As greenhouse gas emissions continue to increase, so will the strength of the storms increase, warning Murakami, a climate scientist in the National Oceanic and Atmospheric Administration and lead author of the study. “Climate models around the world robustly project the more favorable conditions of tropical cyclones.”

However, the storm is not the only threat. Unlike pine trees and oak trees that grow 60-90 cm (25-35 inches) a year, dragon bloody trees creep up just 2-3 cm (about 1 inch) a year. By the time they reach maturity, many have already succumbed to insidious danger: goats.
The invasive species of Socotra, the free-roaming goat, eats up saplings before they grow. Outside the difficult-to-reach cliff, the only place where young dragon bloody trees can survive is in a protected nursery.
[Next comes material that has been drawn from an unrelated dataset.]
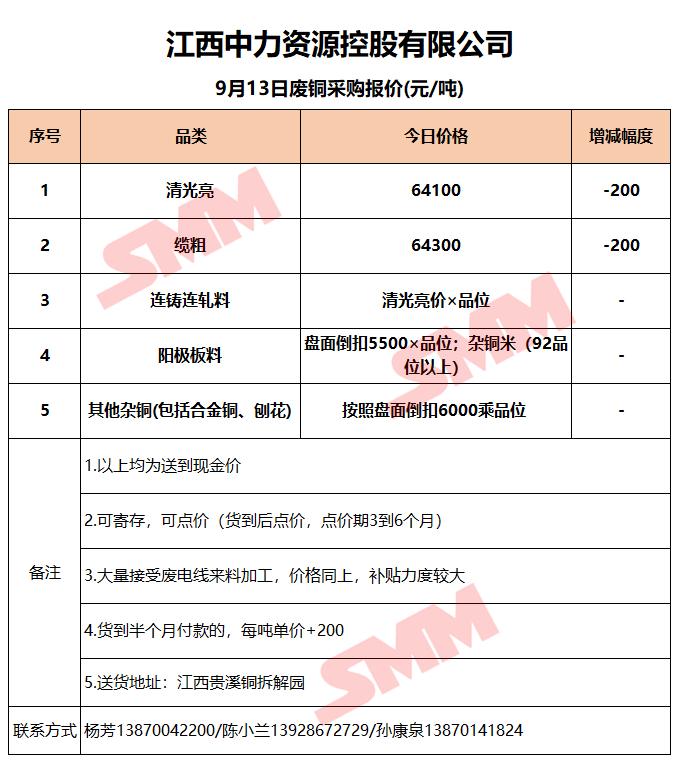 今日江西中力资源,废铜采购报价已更新,有货的朋友欢迎联系我们!

“The majority of the forests we’ve studied are what we call over-the-top. There are no young trees, there are no seedlings,” said Alan Forest, a biodiversity scientist at the Royal Botanical Gardens’ Middle Eastern Plant Centre for Edinburgh. “So you’re not having a lot of regeneration happening because old trees are almost dying.”
The Kiebani family nursery is one of several important enclosures that eliminate goats and allow seedlings to grow uninterrupted.
“In these nursery and enclosures, the vegetation breeding and age structure are much better,” Forest said. “Therefore, it’s resilient to climate change.”

However, such conservation efforts are complicated by Yemen’s deadlock civil war. The conflict has spilled across the country’s borders, with the rebels of Hoothi (Shia groups supported by Iran), a Saudi Arabia-backed internationally recognized government battle. Houthi’s attacks on Israel and commercial transport in the Red Sea have led to retaliation from Israeli and Western troops, further destabilizing the region.
“The Yemeni government currently has 99 issues,” said Abdul Rahman al-Eliani, an advisor to Gulf State Analysis, a Washington-based risk consulting firm. “Policymakers are focused on stabilizing the country and ensuring critical services like electricity and water. Addressing climate issues is a luxury.”
With little national support, conservation efforts are primarily left to Sokotran. However, local resources are rare, according to Sami Mubarak, the island’s ecotourism guide.
Mubarak gestures towards the diagonal fence post of the Kiebani Family Nursery, strung along with flimsy wires. The enclosures only last a few years before wind and rain broke them. Funding for a sturdy nursery with cement fence posts will go a long way, he said.
“We only have a few small environmental projects right now. That’s not enough,” he said. “We need local and central governments in Yemen to make protection a priority.”